Joan remained calm, professional. She spoke to the stunned radiologist. “Bob, we need a Level Two quarantine of that room. Stat!”

The radiologist just stared, unblinking, as the mummy quieted its convulsions and lay still. “Damn,” he finally whispered to the fouled window. “What happened?”

Joan shook her head, still calm. She replaced her glasses and studied the room. “Perhaps a soft eruption of pocketed gas,” she mumbled. “Since the mummy was frozen at a high altitude, methane from decomposition could have released abruptly from the sudden thawing.” She shrugged.

The reporter finally seemed to have composed herself and tried to take a picture, but Joan blocked her with a palm. Joan shook her head. There would be no further pictures.

Henry had not moved since the eruption. He still stood with one palm pressed to the glass. He stared at the ruins of his mummy and the brilliant splatters sprayed on walls and machine. The debris shone brightly, glowing a deep ruddy yellow under the halogens.

The reporter, her voice still shaky, waved a hand at the fouled lead window. “What the hell is that stuff?”

Clutching the Dominican crucifix in his right fist, Henry answered, his voice dull with shock: “Gold.”

5:14 P.M.

Andean Mountains, Peru

“Listen… and you could almost hear the dead speak.”

The words drew Sam Conklin’s nose from the dirt. He eyed the young freelance journalist from the National Geographic.

An open laptop computer resting on his knees, Norman Fields sat beside Sam and stared out across the jungle-shrouded ruins. A smear of mud ran from the man’s cheek to his neck. Though he wore an Australian bushwacker and matching leather hat, Norman failed to look the part of the rugged adventure photojournalist. He wore thick glasses with lenses that slightly magnified his eyes, making him look perpetually surprised, and though he stood a little over six feet, he was as thin as a pole, all bones and lanky limbs.

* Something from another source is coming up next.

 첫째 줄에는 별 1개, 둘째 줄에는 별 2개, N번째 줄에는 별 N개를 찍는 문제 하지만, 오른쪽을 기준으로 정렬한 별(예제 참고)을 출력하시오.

Sam rolled up to one elbow on his mat of woven reed. “Sorry, what was that, Norm?” he asked.

“The afternoon is so quiet,” his companion whispered, his Boston accent flavoring his words. Norman closed his eyes and breathed deeply. “You can practically hear the ancient voices echoing off the mountains.”

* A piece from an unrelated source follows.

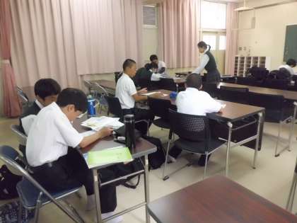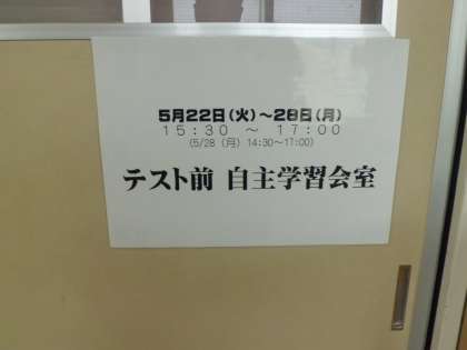 中間テスト前に元気アップ事業の学力向上支援として、自主学習室の開放を行っています。

Sam carefully laid the tiny paintbrush beside the small stone relic he had been cleaning and sat up. He tapped his muddied cowboy hat back farther on his head and wiped his hands on his Wranglers. Again, like so many times before, after working for hours upon a single stone of the ruins, the overall beauty of the ancient Incan city struck him like a draught of cold beer on a hot Texas afternoon. It was so easy to get lost in the fine ministrations of brush on stone and lose sight of the enormity and breadth of the whole. Sam pushed into a seated position to better appreciate the somber majesty.

He suddenly missed his cutting horse, a painted Appaloosa still back on his uncle’s dusty ranch outside Muleshoe, Texas. He itched to ride among the ruins and follow its twisted paths to the mystery of the thick jungle beyond the city. He sat there with the ghost of a smile on his face, soaking up the sight.

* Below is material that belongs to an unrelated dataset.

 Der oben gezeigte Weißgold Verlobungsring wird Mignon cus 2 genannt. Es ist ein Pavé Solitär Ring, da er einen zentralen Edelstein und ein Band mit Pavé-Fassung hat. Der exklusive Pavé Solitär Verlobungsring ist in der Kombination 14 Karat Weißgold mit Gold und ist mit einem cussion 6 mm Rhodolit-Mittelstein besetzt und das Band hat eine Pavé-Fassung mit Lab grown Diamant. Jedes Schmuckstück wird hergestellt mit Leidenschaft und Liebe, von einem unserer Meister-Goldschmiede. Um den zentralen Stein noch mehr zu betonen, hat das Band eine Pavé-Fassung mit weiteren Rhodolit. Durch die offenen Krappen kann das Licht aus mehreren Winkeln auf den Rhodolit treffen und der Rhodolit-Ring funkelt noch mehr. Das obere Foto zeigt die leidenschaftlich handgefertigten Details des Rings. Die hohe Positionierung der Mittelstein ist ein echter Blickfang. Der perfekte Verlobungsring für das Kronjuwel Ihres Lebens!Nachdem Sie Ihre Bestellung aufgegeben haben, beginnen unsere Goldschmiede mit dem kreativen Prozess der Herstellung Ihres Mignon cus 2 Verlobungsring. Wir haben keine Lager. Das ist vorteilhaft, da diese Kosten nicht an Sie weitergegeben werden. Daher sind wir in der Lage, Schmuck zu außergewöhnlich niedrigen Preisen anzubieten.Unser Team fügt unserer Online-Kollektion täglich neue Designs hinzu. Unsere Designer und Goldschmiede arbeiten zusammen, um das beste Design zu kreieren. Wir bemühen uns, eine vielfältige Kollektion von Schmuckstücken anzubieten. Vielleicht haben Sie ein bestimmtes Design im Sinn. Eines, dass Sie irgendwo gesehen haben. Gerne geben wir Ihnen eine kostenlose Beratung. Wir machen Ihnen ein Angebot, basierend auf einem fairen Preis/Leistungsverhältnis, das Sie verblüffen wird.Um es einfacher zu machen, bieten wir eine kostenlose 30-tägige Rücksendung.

“There is something mystical about this place,” Norman continued, leaning back upon his hands. “The towering peaks. The streams of mist. The verdant jungle. The very air smells of life, as if some substance in the wind encourages a vitality in the spirit.”

Sam patted the journalist’s arm in good-natured agreement. The view was a wondrous sight.

Built in a high saddle between two Andean peaks, the newly discovered jungle city spread in terraced plazas across half a square mile. A hundred steps connected the various stonework levels. From Sam’s vantage point among the remains of the SunPlaza, he could survey the entire pre-Columbian ruin below him: from the homes of the lower city outlined in lines of crumbling stone, to the Stairway of the Clouds that led to SunPlaza on which they perched. Here, like its sister city Machu Picchu, the Incas had displayed all their mastery of architecture, merging form and function to carve a fortress city among the clouds.

Yet, unlike the much-explored Machu Picchu, these ruins were still raw. Discovered by his uncle Hank only a few months back, much still lay hidden under vine and trees. A spark of pride flared with the memory of the discovery.